Items from a dataset:
⁂
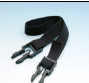
1x archetto a clip tipo 58.01.01

Il copricapo a clip garantisce un fissaggio sicuro degli occhiali da nistagmo davanti agli occhi del paziente.
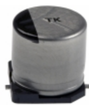
EEE-TK1C222AM Panasonic Electronic Components CAP ALUM 2200UF 20% 16V SMD
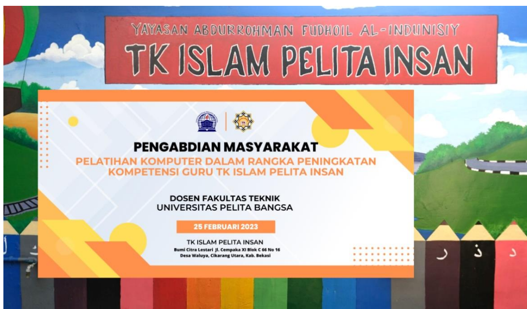
Gambar 2. Foto Kegiatan

Pelatihan perangkat lunak ini merupakan sarana yang ditunjukkan pada upaya untuk meningkatkan kemampuan guru TK Islam Pelita Insan dalam penggunaan dan pemanfaatan aplikasi Microsoft Office dalam mendukung proses kerja dan pembelajaran.
⁂
Reply with one number, the count of lines in the records that include the word "clip".

**Finished task**
2